Quien oía a Segismundo era Rosaura, noble procedente del reino de Moscovia. Venía a Polonia disfrazada de hombre a vengarse de quien había recibido la mayor afrenta que puede sufrir una mujer. Oía a Segismundo sin saber quién era y se compadecía de él, y hubiera accedido a la cueva e intentado liberarle si no fuera porque un tercer personaje, alto y muy delgado, también había oído los lamentos de Segismundo, aunque ahora parecía absorto, ensimismado. Rosaura había cambiado de opinión y decidido presentarse al desconocido, cuando vio a otros 2 personajes, vestidos de guerreros que yacían en el suelo. Rosaura no entendía nada y cuando se aprestaba a retirarse de la escena pudo oír al personaje de estatura considerable pronunciar estas palabras:
“Esta era la misión de los esbirros de mi padrastro: entregarme al enemigo inglés con falsas acusaciones para llevarme al patíbulo. Habéis tenido suerte, porque vuestra muerte no ha sido instantánea y tiempo ha habido de retractaros de vuestras vidas homicidas; o quizá no, y el gran Satán os acogerá en su seno. Aparte de estos lamentos que acabo de oír, aquí todo parece en calma, pero es sabido que la calma chicha precede a la tormenta. Madre, ¿cómo habéis podido compartir el lecho con el asesino de mi padre? ¡Los mismos cómicos que plañeron en los funerales de tu marido, mi padre, han cantado en el banquete de vuestra boda! ¿Por qué me obligáis, olímpicos dioses, a la justicia cuando mi corazón se acompasa con la venganza? No puedo ser racional. Dadme ese dulce placer; descorreré la venda de tus ojos, desnivelaré los platillos, porque quiero el regocijo del recuerdo de los detalles que se avecinan; de la ocasión propicia cruelmente buscada. ¡Qué apetitosa miel, qué oloroso incienso, qué suave bálsamo para esta herida que atraviesa mi cuerpo y me lacera! Sólo quiero fijar en la memoria las circunstancias de tiempo, lugar e instrumento de la sabrosa venganza.
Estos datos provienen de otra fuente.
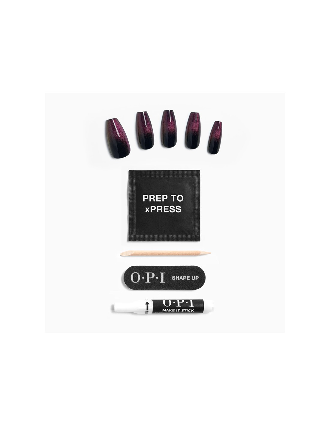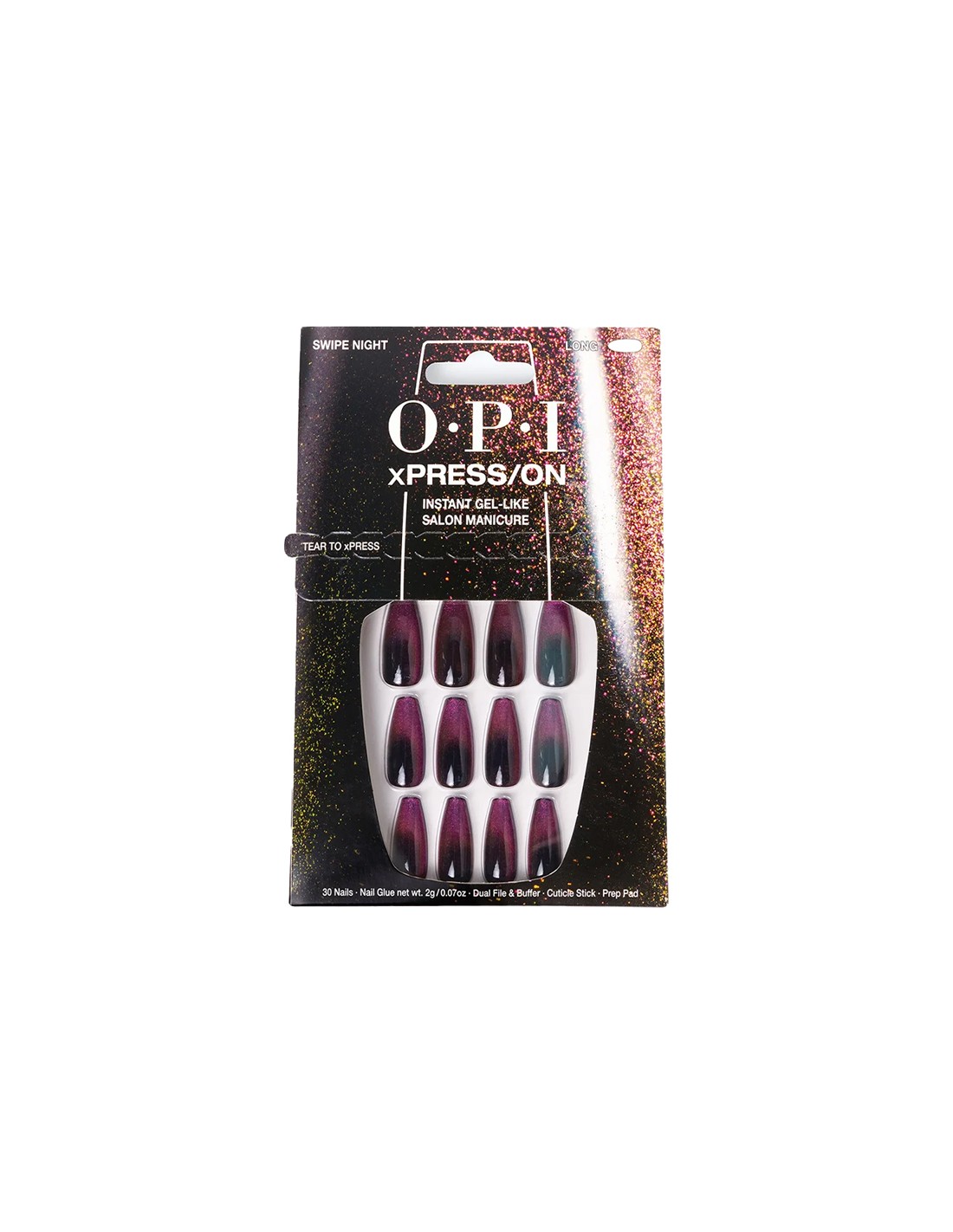 Each OPI xPRESS/ON nail kit delivers professional-quality shades, nail art designs, and innovative nail effects right at your fingertips. Mix and match colors and styles to create a custom manicure. Every set includes nail glue, a cuticle stick, a dual nail file and buffer, an OPI prep pad, and 30 nails in multiple sizes for a precise, comfortable fit.

El mismo Hades, la misma Temis que sale en forma de lamentos de esta cueva han de servir a mis deseos. Ahora todo lo que soy y he sido, mi infancia, mis años de estudios, mi corta experiencia política, todo al servicio de una acción que ha de tener la apariencia de justicia. ¡La suerte está echada y nada puede cambiar lo que el destino ha trazado!”.
Y Hamlet y Rosaura fueron a la par a liberar a Segismundo, al mismo fin pero por distintos caminos. Sin embargo, no estaba aún trazado el momento en el que el príncipe de Polonia pudiera saborear el placer de buscar la aurora y no esperar las migajas de Febo, y fueron apresados ambos por los guardianes de la corte del rey Basilio. Preguntados por el Rey, contestó Rosaura: “Vengo de Moscovia a reparar una ofensa terrible; también para descubrir quién es mi padre, que se dice en la tierra de donde vengo que se halla aquí. Traigo esta espada trabajada en la mejor fragua de la corte y en su empuñadura hay grabados estos signos de estrellas que sólo el causante de mis días puede entender”. Y mientras Rosaura así hablaba, Clotaldo, el gran chambelán de la Corte, guardaba silencio mientras un sudor frío recorría su frente. El rey Basilio se dirigía al otro personaje: “Y vos quién sois, qué buscáis y quiénes son esos guerreros que yacen cerca de donde habéis sido apresados”. Y Hamlet contestaba, no sin cierta dificultad por el desconocimiento del idioma: “Soy el príncipe de Dinamarca, y si estoy aquí es porque el dios Neptuno se ha mostrado esquivo a los deseos de mi padrastro, el Rey. Esos dos eran espías contra mi país y han tenido su justo castigo”. “Seré yo quien decida qué castigo es o no justo –decía el rey Basilio-. Vuestras acciones están castigadas con la muerte, pero de momento os espera la cárcel”. Y así ocurría mientras el chambelán Clotaldo pensaba para sus adentros:
“He servido hasta ahora al Rey con dedicación; he puesto en el oficio mis sentidos; mi vida en sus manos; mis deseos se han confundido con los suyos. Mi alma no ha cedido dignidad, pero no he sido libre. Todo lo he aceptado por mi Rey y por el reino al que sirvo, pero ahora una negra sombra ciega mi vista y anega mi alegría: la espada que porta este joven mancebo de cara afeminada es la misma que dí a mi hija en Moscovia, cuando era una niña, antes de partir a esta corte. Ahora puede ser condenado a muerte y soy yo, por mi cargo, quien ha de cumplir la condena. ¡Si me estuviera permitido volver atrás y ser un simple soldado, un arraigado agricultor o un tozudo comerciante; alguien que pudiera pasar desapercibido! He luchado por la felicidad de mis señores y por el camino me he dejado la mía, y ahora estoy en esta encrucijada. Sólo tengo dos caminos: la traición o el suicidio, y ambos llevan al mismo destino: ¡Hades, avaro, pronto seré tu compañero!”.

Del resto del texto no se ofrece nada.